Transcriptic Will Do Free Lab Work For Y Combinator’s Biotech Startups

Transcriptic

Young biotech startups accepted into Y Combinator’s latest batch are going to get a leg up on research thanks to a partnership between YC and one of the batch’s older startups.

Founded three years ago, Transcriptic provides automated lab work to 60 organizations (both private and in academia). It’s raised about $6 million so far, allowing the team to grow to 18 members, including specialists in hardware and software, as well as the actual task of running tests in a lab environment.
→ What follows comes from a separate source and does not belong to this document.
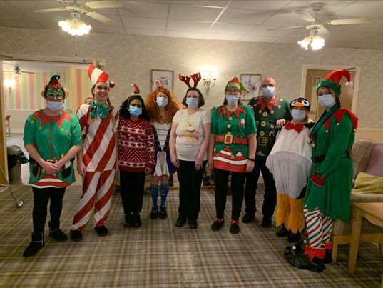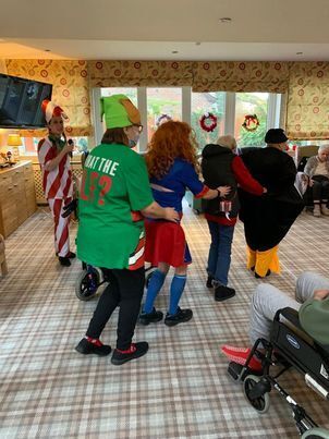 Staff in fancy dress for residents christmas party

Together they’ve built labs the size of shipping containers, which they call “work cells.” Transcriptic founder Max Hodak says that inside these work cells, the equipment necessary for “90% of lab workflows” is available to clients. Using a simple web interface, users piece together operations that the work cell then translates into an actual experiment using a robotic arm and programmable tools.

Transcriptic

In addition to all of the advantages that come with being in a Y Combinator class, Transcriptic is going to get some extra feedback in the form of work done for other biotech startups in its batch. Each of these fellow class members will receive $20,000 in credit for lab work done in Transcriptic work cells. The goal of the partnership is to do for YC’s young biotech companies what Amazon Web Services and its competitors have done for web- and app-based startups — significantly reduce the amount of capital that has to be spent on infrastructure to actually get things going.

There are a few limits to what can be done in Transcriptic’s labs. Hodak says they only allow experiments categorized as biosafety levels 1 and 2 by the CDC’s regulations, and users may not use their systems for the automation of drugs that will be ingested by humans nor for clinical trial data collection.

Beyond those limitations, the company’s work cells are capable of running any experiment that can be expressed in the web app’s commands. They’ve got two up and running at the moment, with another going online by the end of the month. According to Hodak, the company’s work cells have already helped a team of researchers at UC Davis win the 2014 International Genetically Engineered Machine competition.

They also operate at a lower cost than similar competing products, thanks in part to the fact that the company’s hardware team developed approximately half of the equipment in each work cell themselves, including the robotic arm used to move between tools as well as each cell’s refrigerated storage.